Problem → The reply should repeat all of the data word for word, with no pictures.

Source material →
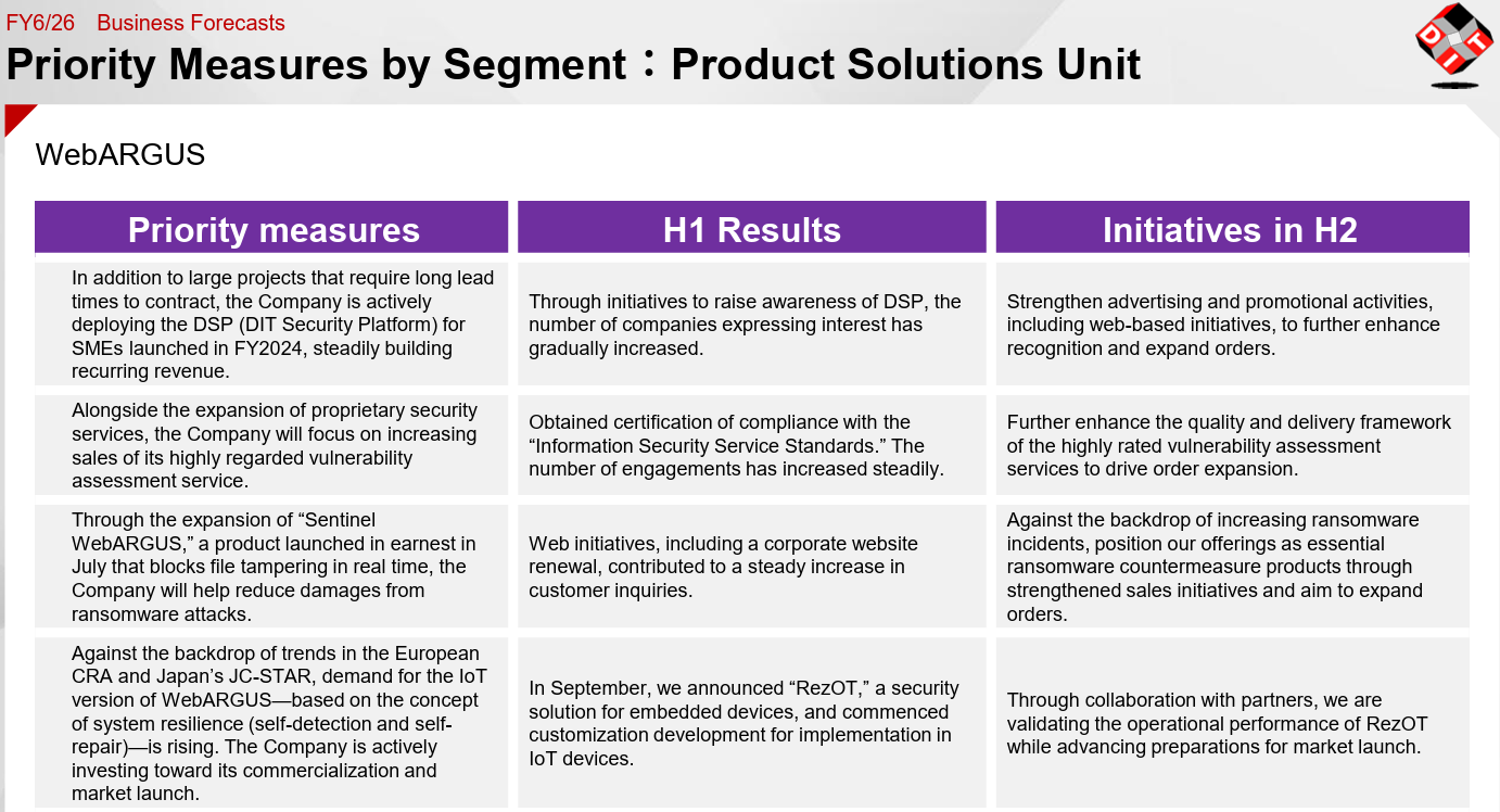 In July 2025, the company has begun full-scale operation of SentinelARGUS, which is mounted with the functions to prevent spread of damage caused by ransomware and block unauthorized access to important data, as a new product that satisfies the needs in the security products market. Furthermore, the company is propelling forward research and development of solutions for comprehensively protecting the container operation environment.
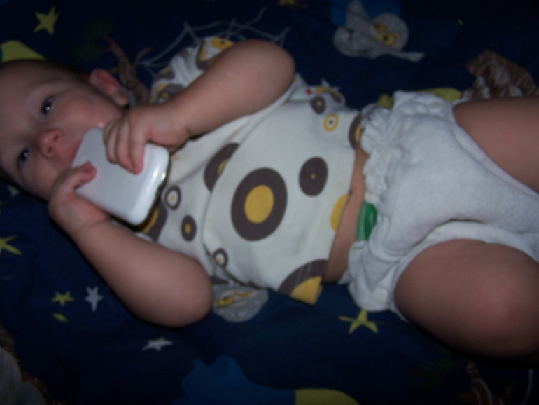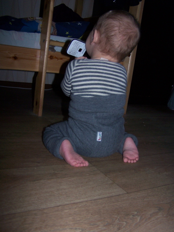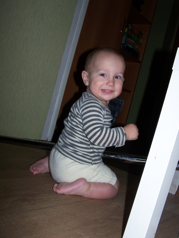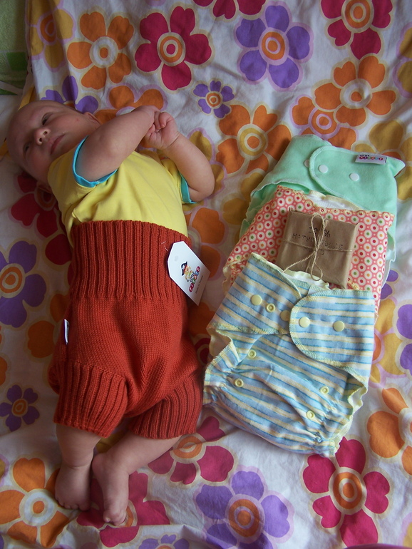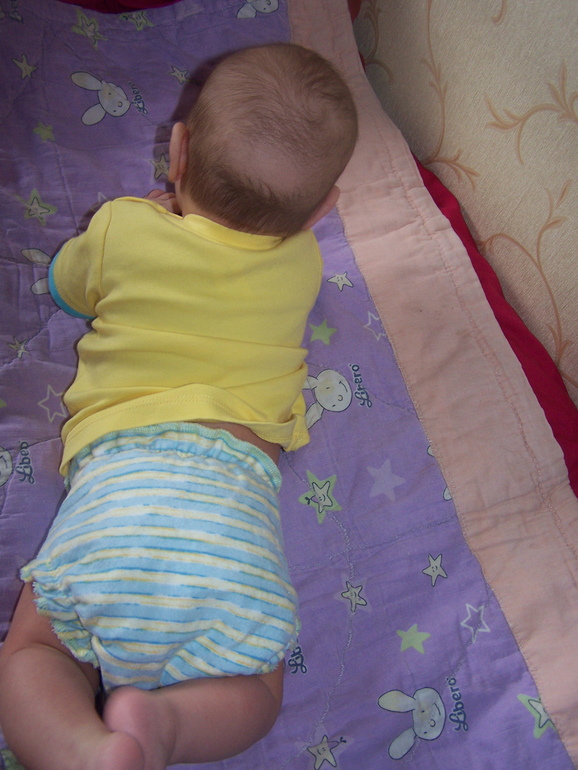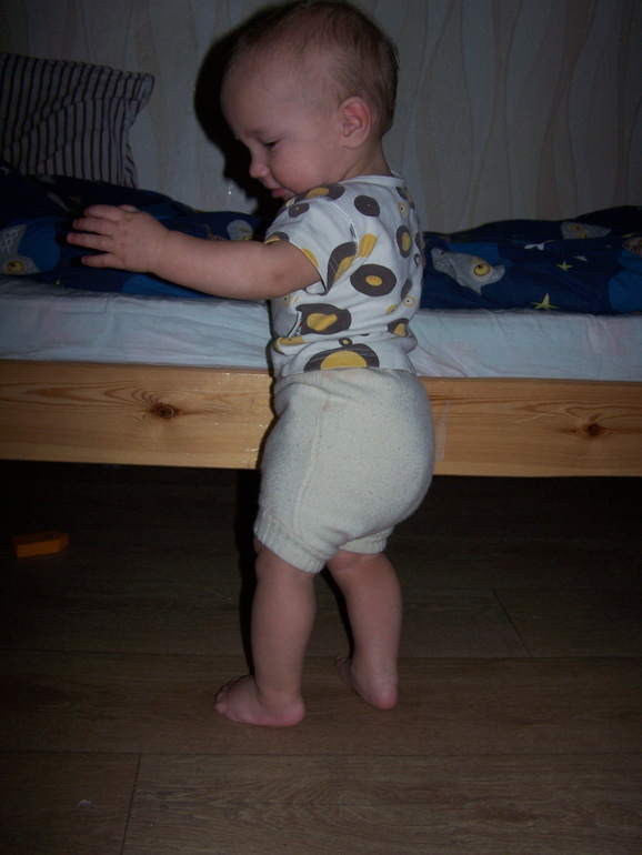 И коленям холодно. Обычно надеваю сверху Наппи алладинчики от Вали, но сегодня вспомнила, что можно бы уже постирать Бэбиидею, ну и пусть поносит перед стиркой
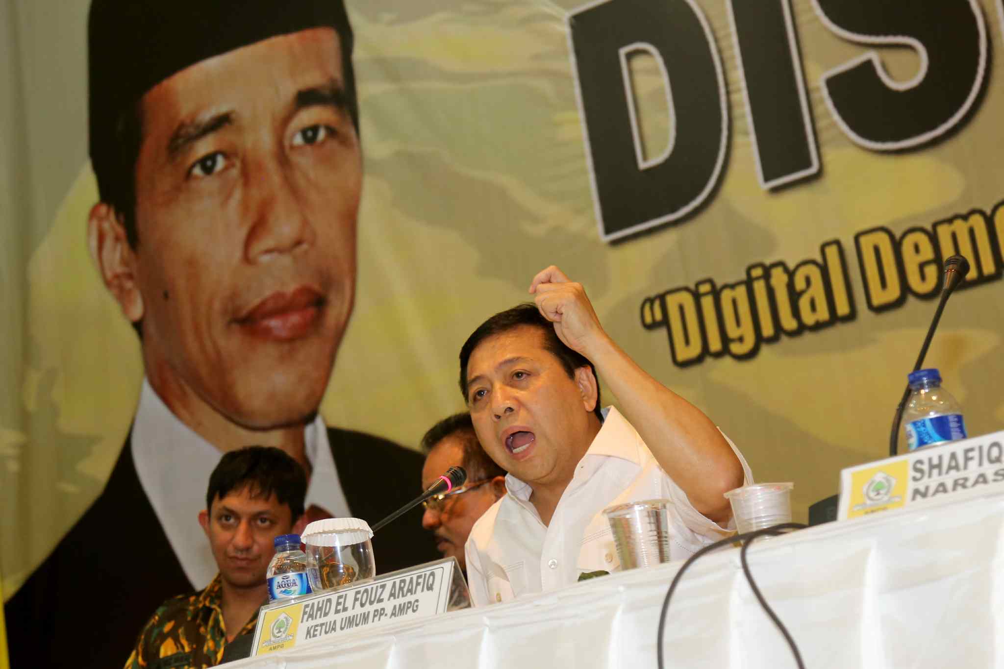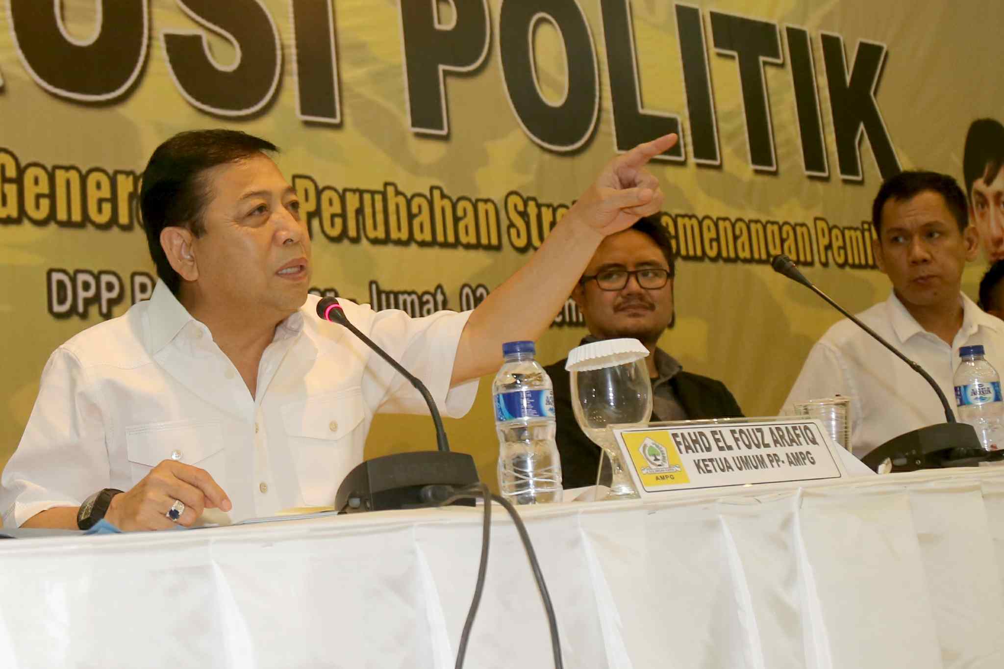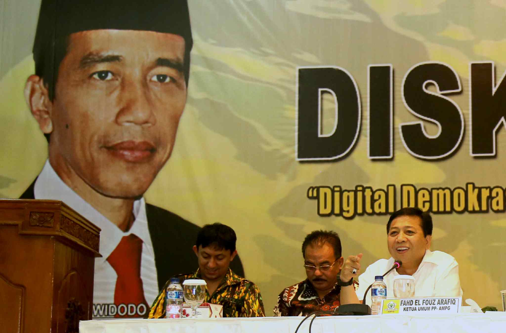 Ketua Umum Partai Golkar Setya Novanto intruksikan kader Golkar khususnya Angkatan Muda Partai Golkar (AMPG) saat diskusi politik dengan tema “Digital Demokrasi, Generasi Y & Perubahan Strategi Pemenangan Pemilu” di gedung DPP Partai Golkar, Jakarta, Jumat (2/8). Setya Novanto mengatakan, Joko Widodo bisa sukses menjadi Presiden RI karena media sosial, popularitas mengantarkan Jokowi jadi Gubernur DKI Jakarta dan akhirnya memenangkan pemilu Presiden 2014. Novanto pun menginstruksikan para kader menggunakan dan memanfaatkan media sosial guna kembali memenangkan Jokowi di Pilpres 2019 mendatang. AKTUAL/TINO OKTAVIANO

Solution for this task →
 In July 2025, the company has begun full-scale operation of SentinelARGUS, which is mounted with the functions to prevent spread of damage caused by ransomware and block unauthorized access to important data, as a new product that satisfies the needs in the security products market. Furthermore, the company is propelling forward research and development of solutions for comprehensively protecting the container operation environment.
 И коленям холодно. Обычно надеваю сверху Наппи алладинчики от Вали, но сегодня вспомнила, что можно бы уже постирать Бэбиидею, ну и пусть поносит перед стиркой
 Ketua Umum Partai Golkar Setya Novanto intruksikan kader Golkar khususnya Angkatan Muda Partai Golkar (AMPG) saat diskusi politik dengan tema “Digital Demokrasi, Generasi Y & Perubahan Strategi Pemenangan Pemilu” di gedung DPP Partai Golkar, Jakarta, Jumat (2/8). Setya Novanto mengatakan, Joko Widodo bisa sukses menjadi Presiden RI karena media sosial, popularitas mengantarkan Jokowi jadi Gubernur DKI Jakarta dan akhirnya memenangkan pemilu Presiden 2014. Novanto pun menginstruksikan para kader menggunakan dan memanfaatkan media sosial guna kembali memenangkan Jokowi di Pilpres 2019 mendatang. AKTUAL/TINO OKTAVIANO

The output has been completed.